**EXERCISE PROMPT:** If a picture appears in the records, skip it; copy everything else exactly.

**RECORD EXTRACTS:**
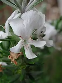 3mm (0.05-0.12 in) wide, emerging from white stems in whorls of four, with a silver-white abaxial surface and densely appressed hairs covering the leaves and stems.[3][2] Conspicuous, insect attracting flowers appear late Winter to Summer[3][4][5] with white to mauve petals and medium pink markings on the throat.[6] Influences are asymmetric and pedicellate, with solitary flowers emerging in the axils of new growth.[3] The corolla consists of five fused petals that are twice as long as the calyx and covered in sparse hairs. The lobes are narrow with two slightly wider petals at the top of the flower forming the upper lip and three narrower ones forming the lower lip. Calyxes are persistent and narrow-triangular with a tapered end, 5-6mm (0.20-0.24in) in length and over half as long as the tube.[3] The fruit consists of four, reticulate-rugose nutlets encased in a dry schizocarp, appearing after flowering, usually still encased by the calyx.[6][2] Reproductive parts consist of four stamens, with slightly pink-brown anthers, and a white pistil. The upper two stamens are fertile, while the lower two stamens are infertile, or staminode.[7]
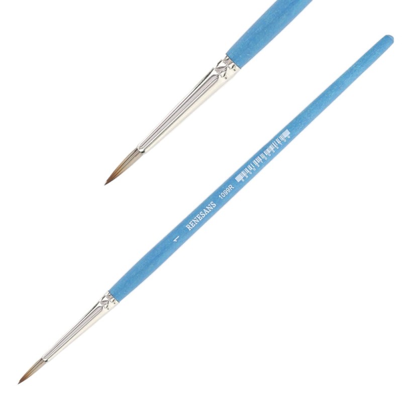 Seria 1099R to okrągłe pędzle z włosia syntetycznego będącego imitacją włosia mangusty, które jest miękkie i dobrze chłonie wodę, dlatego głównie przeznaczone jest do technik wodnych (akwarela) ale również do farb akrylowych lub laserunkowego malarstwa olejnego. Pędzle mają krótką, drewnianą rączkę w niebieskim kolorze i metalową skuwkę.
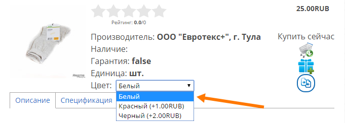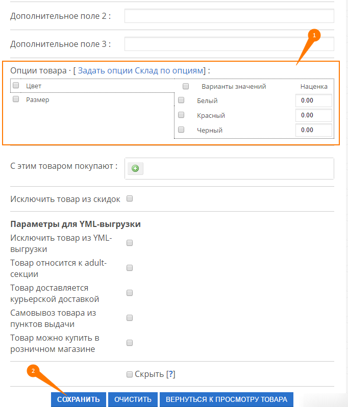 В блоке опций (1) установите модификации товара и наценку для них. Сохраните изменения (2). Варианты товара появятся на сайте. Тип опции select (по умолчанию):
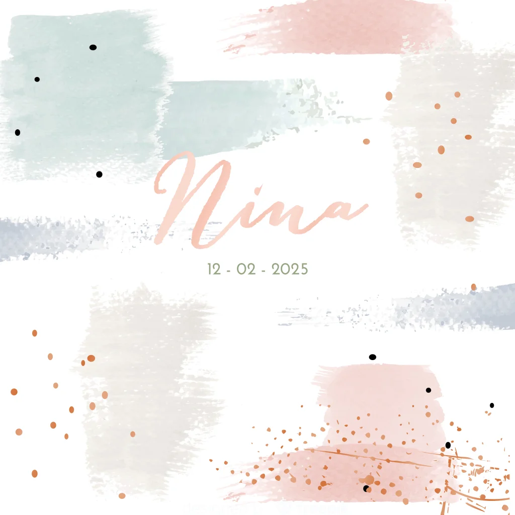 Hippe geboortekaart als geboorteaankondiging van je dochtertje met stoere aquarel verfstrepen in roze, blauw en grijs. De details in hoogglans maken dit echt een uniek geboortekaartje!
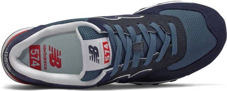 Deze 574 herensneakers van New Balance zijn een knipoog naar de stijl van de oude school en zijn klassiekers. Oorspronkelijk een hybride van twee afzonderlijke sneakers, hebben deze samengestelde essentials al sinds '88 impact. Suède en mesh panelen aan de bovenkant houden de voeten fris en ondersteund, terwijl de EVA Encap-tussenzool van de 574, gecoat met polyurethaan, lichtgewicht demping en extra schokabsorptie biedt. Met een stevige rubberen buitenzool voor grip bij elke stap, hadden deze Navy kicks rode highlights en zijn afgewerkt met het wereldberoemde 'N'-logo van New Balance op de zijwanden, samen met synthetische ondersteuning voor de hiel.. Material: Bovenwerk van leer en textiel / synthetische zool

**ANSWER TO THIS TASK:**
 3mm (0.05-0.12 in) wide, emerging from white stems in whorls of four, with a silver-white abaxial surface and densely appressed hairs covering the leaves and stems.[3][2] Conspicuous, insect attracting flowers appear late Winter to Summer[3][4][5] with white to mauve petals and medium pink markings on the throat.[6] Influences are asymmetric and pedicellate, with solitary flowers emerging in the axils of new growth.[3] The corolla consists of five fused petals that are twice as long as the calyx and covered in sparse hairs. The lobes are narrow with two slightly wider petals at the top of the flower forming the upper lip and three narrower ones forming the lower lip. Calyxes are persistent and narrow-triangular with a tapered end, 5-6mm (0.20-0.24in) in length and over half as long as the tube.[3] The fruit consists of four, reticulate-rugose nutlets encased in a dry schizocarp, appearing after flowering, usually still encased by the calyx.[6][2] Reproductive parts consist of four stamens, with slightly pink-brown anthers, and a white pistil. The upper two stamens are fertile, while the lower two stamens are infertile, or staminode.[7]
 Seria 1099R to okrągłe pędzle z włosia syntetycznego będącego imitacją włosia mangusty, które jest miękkie i dobrze chłonie wodę, dlatego głównie przeznaczone jest do technik wodnych (akwarela) ale również do farb akrylowych lub laserunkowego malarstwa olejnego. Pędzle mają krótką, drewnianą rączkę w niebieskim kolorze i metalową skuwkę.
 В блоке опций (1) установите модификации товара и наценку для них. Сохраните изменения (2). Варианты товара появятся на сайте. Тип опции select (по умолчанию):
 Hippe geboortekaart als geboorteaankondiging van je dochtertje met stoere aquarel verfstrepen in roze, blauw en grijs. De details in hoogglans maken dit echt een uniek geboortekaartje!
 Deze 574 herensneakers van New Balance zijn een knipoog naar de stijl van de oude school en zijn klassiekers. Oorspronkelijk een hybride van twee afzonderlijke sneakers, hebben deze samengestelde essentials al sinds '88 impact. Suède en mesh panelen aan de bovenkant houden de voeten fris en ondersteund, terwijl de EVA Encap-tussenzool van de 574, gecoat met polyurethaan, lichtgewicht demping en extra schokabsorptie biedt. Met een stevige rubberen buitenzool voor grip bij elke stap, hadden deze Navy kicks rode highlights en zijn afgewerkt met het wereldberoemde 'N'-logo van New Balance op de zijwanden, samen met synthetische ondersteuning voor de hiel.. Material: Bovenwerk van leer en textiel / synthetische zool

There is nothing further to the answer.